How to convert traditional recipes for the slow cooker:

* Browning meats: Only bacon, sausage, ground beef and fatty cuts of beef or pork need to be browned and drained before being added to the slow cooker. Other types of meat, such as corned beef, brisket or pot roast don't require browning.

* Liquids: Use half the liquid called for in conventional recipe. For example, if a recipe calls for two cups of broth, one usually will be sufficient for the slow cooker. Liquids do not evaporate in a slow cooker.

* Herbs and spices: Add whole herbs and spices, such as bay leaf or cinnamon stick, at the beginning of the cooking time. Add ground herbs and spices and fresh herbs during the last 30 minutes of cooking time.

* Milk and dairy products: Milk, sour cream and cream tend to separate when cooked for extended periods.
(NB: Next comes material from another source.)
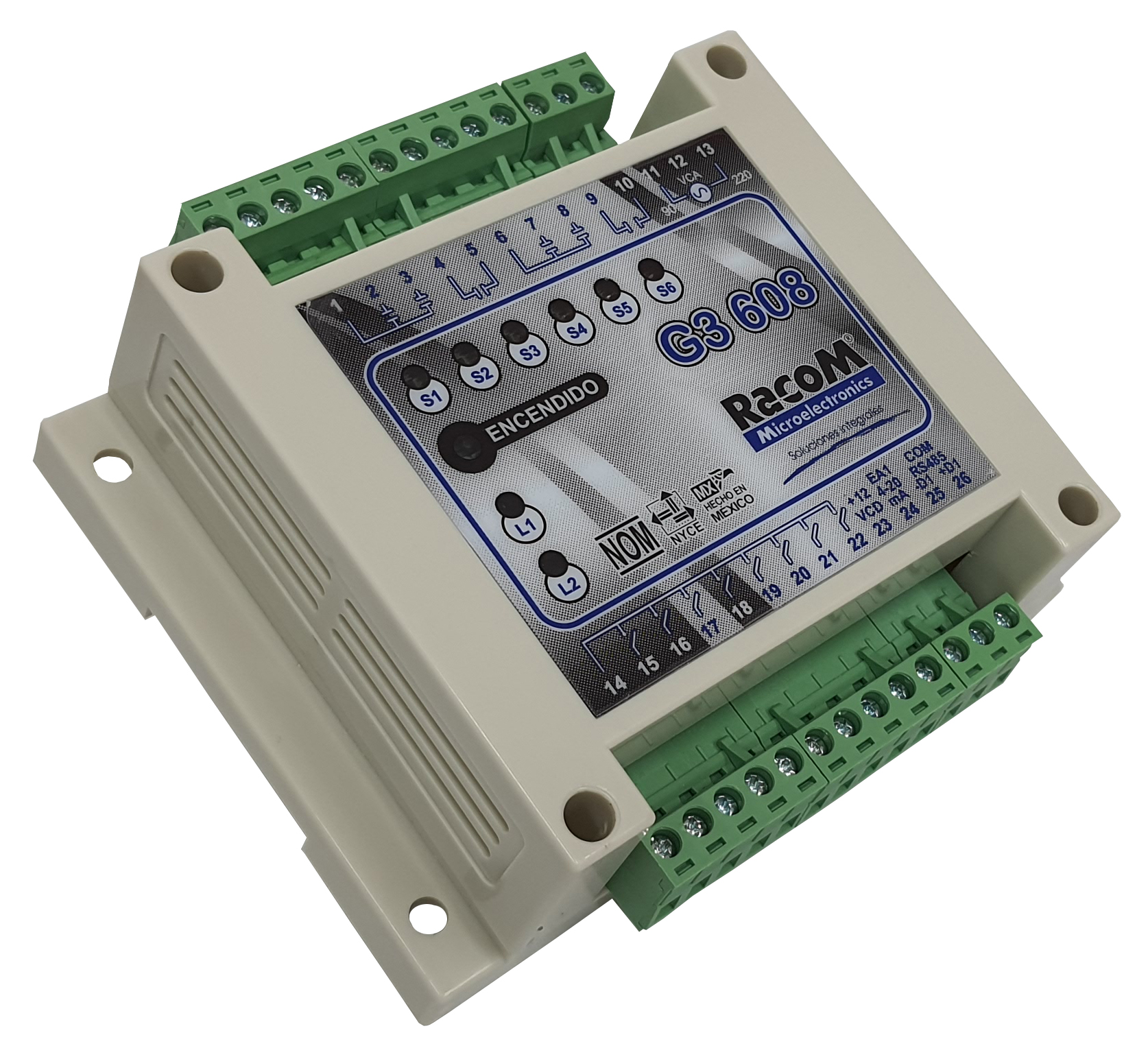 La plataforma DLC G3-608 es un equipo para aplicaciones industriales el cual cuenta con 8 entradas digitales y 6 salidas de relevador, su versatilidad permite que se pueda utilizar en diferentes aplicaciones (solicitud de aplicación en la compra del equipo). Esta plataforma se utiliza para el control de múltiples bombas y se puede encontrar en diferentes aplicaciones como son:

When possible, add them during the last 30 minutes of cooking time. Condensed soups can be substituted for milk if desired.

* Vegetables: Chop raw vegetables, such as onions, garlic, carrots, turnips and cabbage before adding to the slow cooker. Eggplant may need to be sauteed or parboiled. Delicate vegetables such as peas, snow peas, corn and fresh mushrooms should be added during the last 30 minutes of cooking.

* Pasta and rice: Pasta, such as macaroni or shells, should be cooked before going into the slow cooker. Rice can be cooked along with the rest of the ingredients but add 1 cup extra liquid per cup of rice. Long-grain rice holds up better than short-grain rice for extended cooking.

* Soups: Add liquid only to cover other ingredients when making soups. Thin with additional liquid just before serving if desired. Add milk or cream to soups 30 minutes before serving.

* Beans: Soak beans overnight before adding to slow cooker in fresh water or other cooking liquid. Beans also may be cooked overnight in a slow cooker, drained and then combined with other ingredients for additional cooking.

* Toppings and dumplings: Crisp toppings such as bread crumbs, fried onions or cheese should be added at the last minute or crisped under the oven broiler. Biscuit, pie dough or egg toppings need to be baked before serving. Many slow cookers have removable interiors that can be placed directly in the oven. Dumplings can be cooked directly in the slow cooker by dropping spoonfuls of batter into the simmering liquid.